Memory
The memory surface stores compressed representations of past inputs and retrieves them, conditioned on the current latent. It is the only cognitive surface whose state persists across queries.
Three timescales
Memory operates at three timescales. Each is implemented by a different mechanism.
| Timescale | Span | Mechanism | Capacity |
|---|---|---|---|
| Working | within a query | Attention KV cache | 131,072 tokens |
| Episodic | across queries, within a session | Compressed latent trace | ~5M tokens equivalent |
| Long-term | across sessions, across embodiments | Retrieval-augmented vector store | unbounded |
The three are exposed to other surfaces through a unified read interface. Other surfaces do not choose which timescale to query; the memory surface routes queries to the appropriate store based on a learned policy.
Working memory
The working memory is the KV cache of the active transformer stack. It is reset between queries. Other surfaces do not interact with it directly; it is internal to each surface's forward pass.
It is documented here only to delineate it from the larger timescales: when other surfaces refer to "memory," they mean episodic or long-term.
Episodic memory
Episodic memory is a learned compression of the recent latent stream. Concretely:
- Every
Ntokens of latent (currentlyN = 4,096), a compression module emits a fixed-size summary token sequence (currently 256 tokens). - Summary sequences accumulate in a sliding window of approximately 5 million tokens of effective context.
- Read access is via cross-attention: a query latent attends to the summary window and pulls in the relevant fragments.
The compression module is trained jointly with the rest of the system on a recall-fidelity objective: the original latent must be reconstructible from the summary tokens conditioned on the query.
Episodic memory is associated with a session identity. Sessions are bounded; episodic memory is garbage-collected when a session terminates or when it has been inactive for the configured retention period.
Long-term memory
Long-term memory is a content-addressable vector store.
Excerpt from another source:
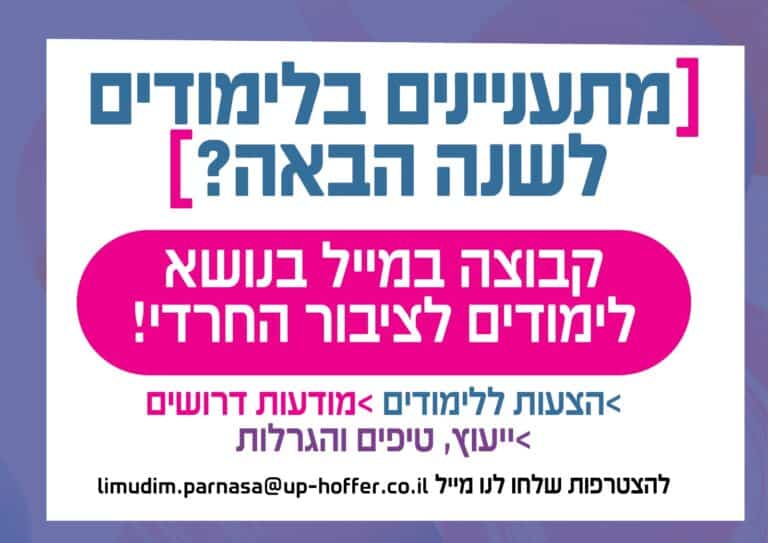 מתעניינים בלימודים אקדמיים? מחפשים מידע על מסלולי לימוד, מלגות, סיוע בלימודים? זקוקים לתמיכה וידע ממומחים בתחום הלימודים במגזר החרדי?
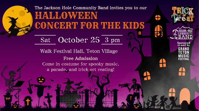 Join the Jackson Hole Community Band's annual Halloween concert for an afternoon of family fun, music & trick-or-treating.

Entries are written explicitly: the memory surface decides, at each query, whether the current latent is worth retaining beyond the session. The decision is policy-learned, not user-controlled.
Entries are keyed by their latent embedding. Retrieval is approximate-nearest-neighbor over the store. The store is sharded across the validator network; see Data Layer for the wire mechanics.
Critical properties:
- Append-only at the protocol level. Validators cannot silently delete entries. Deletion requires a governance-approved action.
- Per-entry provenance. Every entry carries a hash of the validator that wrote it, the query that triggered the write, and the timestamp.
- Right-to-be-forgotten. A user-bound write path includes an optional forget tag. Forget-tagged entries are removable through the data-layer's removal protocol.
The forgetting policy
Memory without forgetting accumulates noise. The memory surface implements forgetting at two levels:
Episodic. Summary tokens that have not been read in the past K queries (currently K = 64) decay: their attention bias is reduced linearly until they fall below a cutoff and are evicted from the sliding window.
Long-term. Entries that have not been retrieved in the past 90 days are demoted to cold storage. Retrieval from cold storage is permitted but incurs higher latency.
Forgetting is not optional. A system that retains everything is operationally equivalent to a system that retains nothing relevant.
Verification
Memory operations are verifiable through:
- Write attestations. Every long-term write is signed by the validator that performed it; signatures are anchored on chain.
- Read sampling. A subset of reads is duplicated across validators; divergence triggers investigation.
- Hash chains. The episodic summary stream is hashed cumulatively; reconstructing the state at a past timestamp requires producing the matching hash chain.
What memory does not do
It does not reason over its contents. Retrieved entries are returned to the calling surface, which performs its own reasoning. It does not arbitrarily edit past entries. Modifications produce new entries linked to the originals.
The memory surface is, in effect, the network's institutional record. Its failures are the failures most likely to be visible to users in the long run; its mechanisms are accordingly the most conservative in the codex.